My roommates were picking me up and my staff was trying to get me to go up to my room. I even shook one of them saying her name in a silly way. Just imagine what she was feeling when I did that. I overheard my roommates talking about me being drunk. I never asked even though she said she just thought I was being a goof.
I remember another time on Christmas when I chugged down a glass of Malbec Red Wine. Same thing. Acting silly and this time I actually touched someone’s pack of cigarettes when I don’t smoke and don’t plan to. I took the lighter as well. I wouldn’t do something like that if there wasn’t alcohol in my system. Once again, I kept falling on the ground and felt like Old Man Logan from that movie.
What made me learn about what alcohol really does to me as someone with mental health issues was a recent time I went to a wild bar. I walked in and ordered a miller lite beer on draft. I was sitting next to a guy. He didn’t seem like a bad guy. I complimented his hat and we talked for a little bit. I ordered another one. After that drink, before I ordered a third which was enough and my last beer for the night, I remember the guy offering to buy me a shot. I always like trying shots as I don’t do shots a lot at bars.
I’m not a liquor person. I don’t like lots of liquors and most shots I’ve done were very strong as most of them are. One person questioned the guy as I’ve heard from people guys don’t share drinks together. I don’t know much about alcohol, to begin with never mind what is right and wrong when it comes to drinking with other people.
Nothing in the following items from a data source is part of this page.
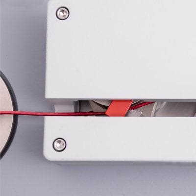The tester accommodates wire sizes up to AWG 3 (0.25 in [6.3 mm] OD), or custom sizes via the available machinable blank fixture. Auto-start automatically begins the test when the wire sample has been loaded. When the sample breaks, the tester can auto-reverse, output the peak force, store the peak force, and zero the display automatically, thereby increasing testing throughput. Further testing efficiency is achieved via the available Profiles function, through which multiple test setups may be saved and recalled as required.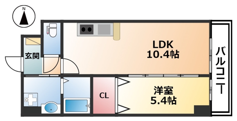 | 間取り詳細 | LDK 10.4畳 、 洋室 5.4畳 |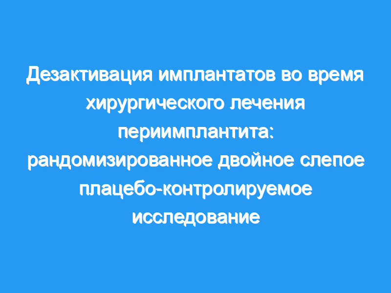 Целью этого рандомизированного двойного слепого плацебо-контролируемого исследования было изучение влияния обеззараживания поверхности имплантата хлоргексидином (CHX)/цетилпиридиния хлоридом (CPC) на микробиологические и клинические параметры. Материал и методы: Тридцати пациентам (79 имплантатов) с периимплантитами было проведено резективное хирургическое лечение, состоящее из апикального смещения лоскута, изменения контуров кости, обработки поверхности и обеззараживания. Пациенты были случайным образом распределены для обеззараживания 0,12% CHX + 0,05% CPC (тест-группа) или плацебо-раствором (без CHX/CPC, плацебо-группа). Микробиологические параметры регистрировали во время операции, клинические и рентгенологические параметры регистрировали до (до) лечения (исходные данные), а также через 3, 6 и 12 месяцев после лечения.

I never go to bars and don’t have friends who do. I don’t know if people said “He’s weird” when they heard that but I shouldn’t care to be honest. Not everyone is the same. It was so loud in there and I was tired that I couldn’t quite catch the name of the shot that was ordered. I remember the lady pouring it and nothing went in it when I drank it because I didn’t see anybody try to put drugs in it. But when I drank the shot, I started to not feel right. I paid my tab and left. I walked home as it wasn’t far. Barking dogs were out as I was walking home but no creepy people thank god. My neighborhood seems pretty safe. I got home, took my clothes off that smelled like cigarette smoke and threw them on the ground. I fell on my bed with my favorite pea coat on the floor and laid there. I was saying a few lines from “Logan” once again. I acted like Logan and in the middle of the night, I thought I was having a heart attack. I was breathing heavy and not normal through the night.
I woke up the next day and had two cups of coffee that didn’t perk me up. Took a hot shower that didn’t help either. I went to a McDonalds and barely ate my food. I must have been hungover. I didn’t take my medicine either because I thought I would have died that night if I did. I did think about calling 911.
Sometimes I’m silly and sometimes I’m angry when I drink too much alcohol. It depends. But with my mental health, the mood can swing and with alcohol, you shouldn’t take the meds even if you need them. Drink alcohol at your own risk with mental health.
Talk with your doctor and please don’t drink anything too strong if you have mental health issues. And you can’t afford a drinking problem alone, never mind if you have mental health issues. It can probably kill you if you take psychiatric medication. Alcohol and mental health is not a good combo.